Social robotics is an expansive and interdisciplinary research field focused on developing efficient robotic agents capable of interacting effectively with humans. It tackles the challenges of human-robot interactions in dynamic and complex environments where robots coexist and collaborate with humans. The domain of social robotics presents various hurdles, such as multi-modal perception and action planning.
This thesis delves into essential tasks crucial for creating successful social robots, with a particular emphasis on their acoustic aspects. Specifically, the research explores Sound Source Localization (SSL) in static and active contexts, along with perceptually driven robot navigation. To facilitate this exploration, a versatile and robust acoustic simulation environment is introduced. This platform allows for the virtual recording of signals in reverberant spaces, with features to model different microphone arrays, room layouts, and sound source arrangements.
Leveraging cutting-edge sound rendering libraries, this simulation environment acts as a comprehensive testing ground for training and evaluating novel auditory algorithms. Given that deep learning has revolutionized robotics advancements but demands vast amounts of data, often challenging or costly to collect physically, simulation becomes essential for scalable data generation.
Within this simulated framework, the focus is on auditory perception as a foundational skill, where SSL plays a critical role for social robots. SSL entails identifying the location of active speakers and is rooted in extensive research. The thesis explores this problem from multiple angles and introduces a set of deep learning-based methods to overcome its primary challenges. After addressing the single-source case, an advanced multi-source localization model is proposed, both rigorously evaluated through extensive experiments under diverse conditions.
In real-world social scenarios, robots seldom remain static, introducing new complexities to the localization issue. To tackle this, the SSL approach is extended to dynamic settings, explicitly considering robot motion. A novel method is introduced to aggregate predictions from the static multi-source localizer over time, utilizing robot movement to enhance speaker position estimations. The simulator is expanded to generate complete trajectories in virtual environments, enabling effective training and evaluation of this dynamic localization model.

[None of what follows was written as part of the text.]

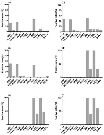 Proportions of samples positive for mycotoxins. (a) Eggs from Jiangsu (JS) (n = 72); (b) eggs from Zhejiang (ZJ) (n = 40); (c) eggs from Shanghai (SH) (n = 40); (d) liver tissue from chickens (n = 30); (e) heart tissues from chickens (n = 20); (f) gizzard tissues from chickens (n = 20).

Transitioning from perception to action, the thesis explores modern Deep Reinforcement Learning (DRL) techniques applied to robot navigation, specifically to improve auditory perception through movement. While recent Automatic Speech Recognition (ASR) models excel at transcribing human speech accurately, they may struggle in reverberant environments. To address this issue, a perceptually motivated navigation task is introduced, where a robot learns to position itself to minimize speech recognition errors based solely on audio captured by its microphone array.
This final contribution builds on previous work in acoustic simulation and SSL, integrating perception and action to advance embodied auditory intelligence in robots. The thesis examines how perception and action can be harmoniously combined to enhance social robots’ capabilities effectively.